172 stars 36 forks source link

Why use two types of word segmentation methods? #22

Closed jianyucai closed 4 years ago

jianyucai commented 4 years ago

Hi, thanks for your code.

I have a question on the word segmentation methods on the contexts of mentions. I noticed that you apply two different methds. In the first method, you split the words from m['context']. https://github.com/lephong/mulrel-nel/blob/db14942450f72c87a4d46349860e96ef2edf353d/nel/ed_ranker.py#L196-L199

In the second method, the words are already segemented in files like aida_train.txt. https://github.com/lephong/mulrel-nel/blob/db14942450f72c87a4d46349860e96ef2edf353d/nel/ed_ranker.py#L215-L216 https://github.com/lephong/mulrel-nel/blob/db14942450f72c87a4d46349860e96ef2edf353d/nel/ed_ranker.py#L219-L220

So, I am wondering why not apply a uniform method?

lephong commented 4 years ago

Sorry I can't recall completely. What I remember is:

The first context is for the local model which is reused from Ganea and Hofmann 2017. The context they used (so our first context) is cross-sentence while our second context is not. Because of that, we reused their data preprocessing (and their code) for creating the first context. Hence, we used their word segmentation as well. However, for the second context, we just simply used the word segmentation given by the dataset.

I don't think there is any major difference between the two segmentation methods. Just that they are easy for us to compute different contexts.

jianyucai commented 4 years ago

Thanks for your reply!

May I ask another question? I noticed that the candidate entities are ranked in decreasing order by p(e|m). However, different mentions in the dataset usually have different number of candidates. Some mentions may only have 1 or 2 candidate entities, whiles some others may have as many as 100 candidates.

I understand that there is a large number of entities (as many as 20,0000), so it is desirable to select a small set of candidates in advance. But, I am wondering, why not set a uniform number for the candidate selection. For example, uniformly select 100 candidates for each mention. Is this also due to the result of Ganea and Hofmann 2017?

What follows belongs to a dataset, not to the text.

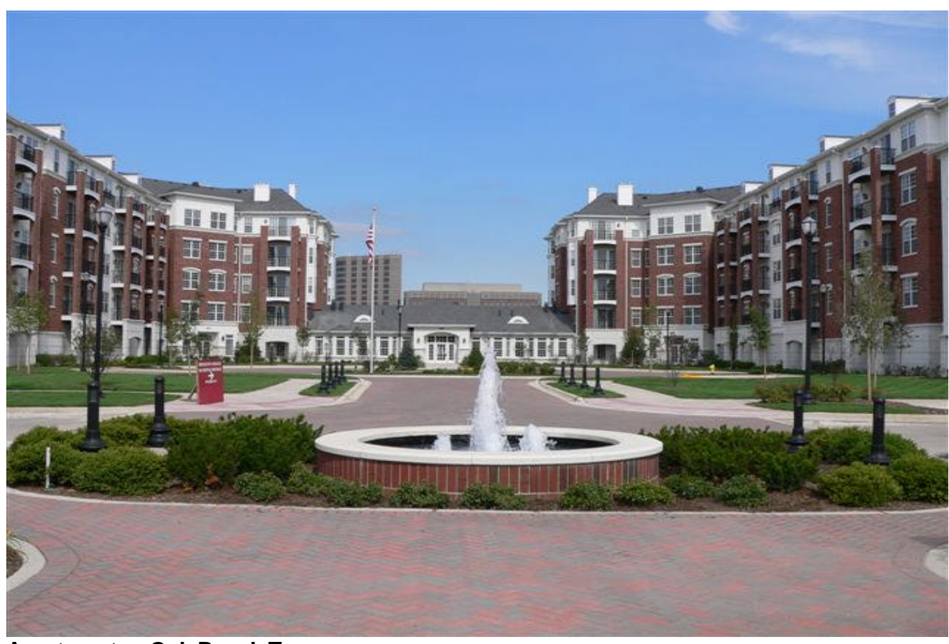
Apartments- Oak Brook Terrace

lephong commented 4 years ago

For a mention, the number of candidates depends on the alias dictionary extracted from Wikipedia. For instance, if the alias is "Obama", there can be 1000 candidates. But for "Barrack Obama", the number of candidates should be smaller, maybe only 50.

I remember that in the dataset, there are some mentions that have pretty few candidates due to the alias dictionary. That's why you see some mentions have only 2-3 candidates whereas others have 100.

jianyucai commented 4 years ago

Thanks for your reply!